• _How to complete this task_
Once the pictures are set aside, copy the records below exactly as they stand.

─── Data for this exercise ───

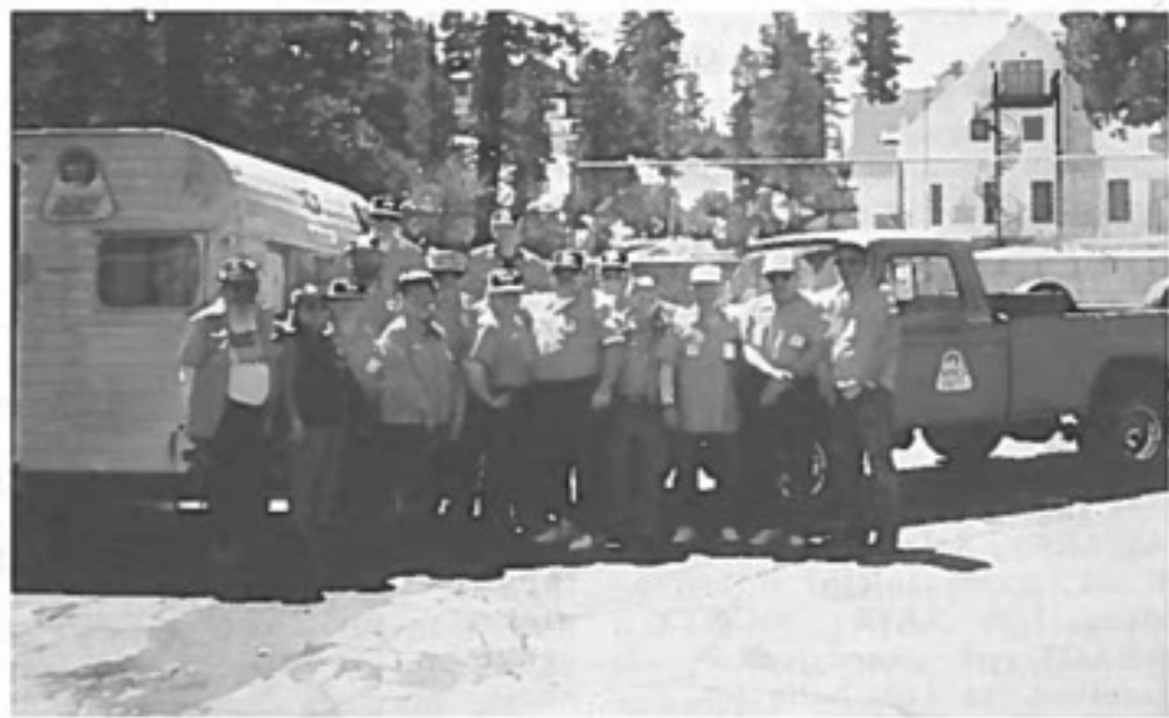
Big Bear Valley REACT Team #3111 plus three members of Lucerne Valley REACT Team #4758 after participating in the March of Dimes Walk-a-thon for the fifth year.

the next day. Because of the severity and amount of snow, the main access road in and out of the Big Bear Valley was closed for seven days.
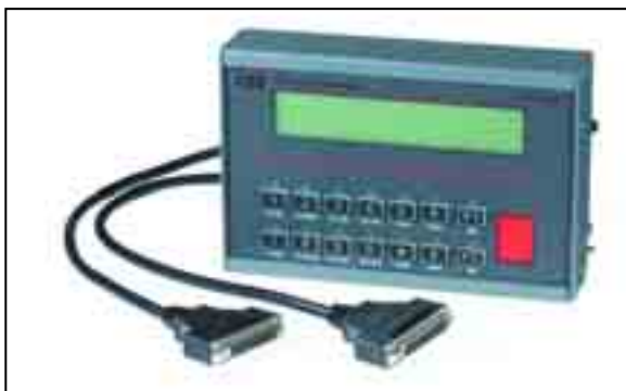
RDN7368A Mobile Display Terminal
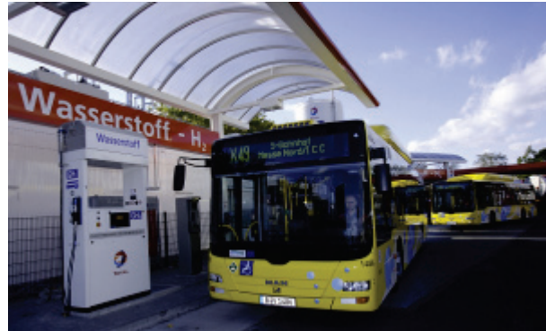
One of 14 hydrogen ICE Buses at the refueling station in Berlin

A very active and extensive dissemination and information programme – the Global Hydrogen Bus Platform – combined with the inclusion of Beijing, China, aims to extend the impact of this technology world-wide.
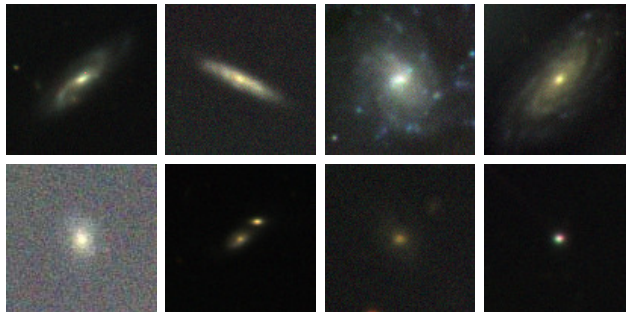
Figure 1. Examples of low-redshift galaxies in our subset of the SDSS dataset. We have mapped the gri -bands to the RGB color space ( gri \rightarrow BGR ). The top row shows well-resolved galaxies and the bottom row shows problematic cases for our analysis. These color images are best viewed electronically.

There has been some prior work on automated analysis of optical images of galaxies [14, 9]. Much of this work, however, focuses on classification of galaxies based on morphology (e.g. [4]) and tends to ignore information found in the texture. Furthermore, these approaches have used somewhat standard image features as input. Here we present new
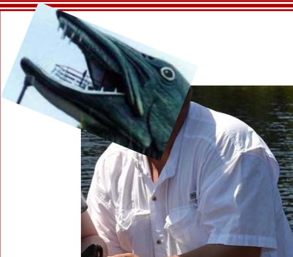
DVD talks Muskie - Live at FRV in Dec!!
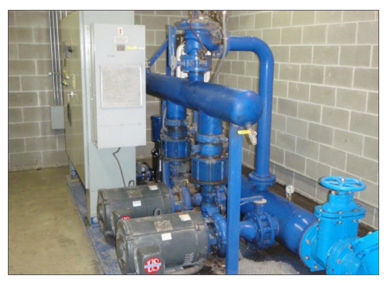
Figure 7. Pump station at Wakonda Club.
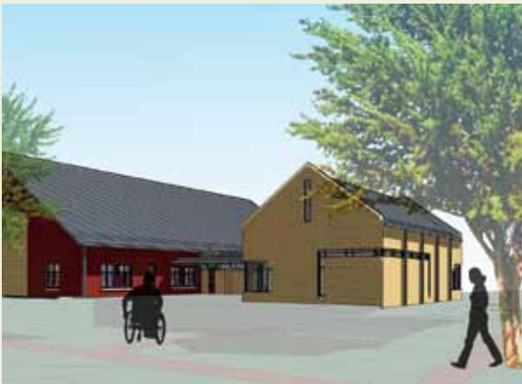
We finalized plans and secured funding for the state-of-the-art Learning Activity Center and Cottages . As the first phase of MSB’s School of the Future master plan, this facility will enable us to better meet the needs of students with multiple disabilities.

Our Heartfelt Thanks We are grateful to the many businesses, foundations, public agencies and private citizens who have helped us spread our wings over the past year. Thanks to your generous donations, MSB has made a real impact in the lives of the 1,300 students we serve throughout the State of Maryland. Here are just a few of our many accomplishments.
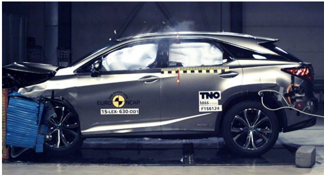
Frontal offset test at 64km/h (Euro NCAP)
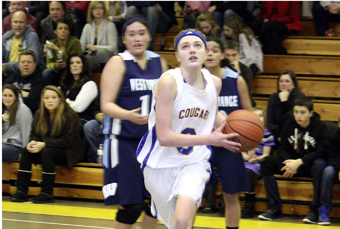
David B. Corbin for The Westfield Leader and The Times

West Orange 14 2 9 7 32 Cranford 8 7 11 12 38
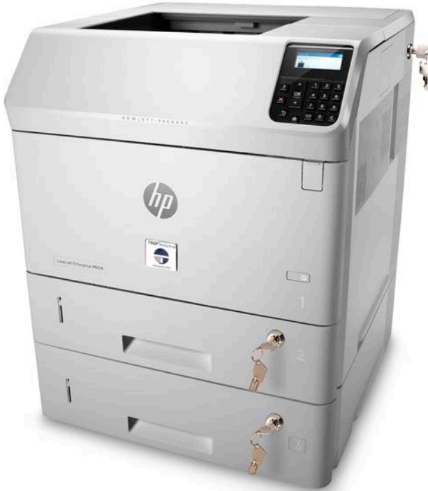
TROY M606 MICR Secure Ex

───

• _Written solution_
Big Bear Valley REACT Team #3111 plus three members of Lucerne Valley REACT Team #4758 after participating in the March of Dimes Walk-a-thon for the fifth year.

the next day. Because of the severity and amount of snow, the main access road in and out of the Big Bear Valley was closed for seven days.
RDN7368A Mobile Display Terminal
One of 14 hydrogen ICE Buses at the refueling station in Berlin

A very active and extensive dissemination and information programme – the Global Hydrogen Bus Platform – combined with the inclusion of Beijing, China, aims to extend the impact of this technology world-wide.
Figure 1. Examples of low-redshift galaxies in our subset of the SDSS dataset. We have mapped the gri -bands to the RGB color space ( gri \rightarrow BGR ). The top row shows well-resolved galaxies and the bottom row shows problematic cases for our analysis. These color images are best viewed electronically.

There has been some prior work on automated analysis of optical images of galaxies [14, 9]. Much of this work, however, focuses on classification of galaxies based on morphology (e.g. [4]) and tends to ignore information found in the texture. Furthermore, these approaches have used somewhat standard image features as input. Here we present new
DVD talks Muskie - Live at FRV in Dec!!
Figure 7. Pump station at Wakonda Club.
We finalized plans and secured funding for the state-of-the-art Learning Activity Center and Cottages . As the first phase of MSB’s School of the Future master plan, this facility will enable us to better meet the needs of students with multiple disabilities.

Our Heartfelt Thanks We are grateful to the many businesses, foundations, public agencies and private citizens who have helped us spread our wings over the past year. Thanks to your generous donations, MSB has made a real impact in the lives of the 1,300 students we serve throughout the State of Maryland. Here are just a few of our many accomplishments.
Frontal offset test at 64km/h (Euro NCAP)
David B. Corbin for The Westfield Leader and The Times

West Orange 14 2 9 7 32 Cranford 8 7 11 12 38
TROY M606 MICR Secure Ex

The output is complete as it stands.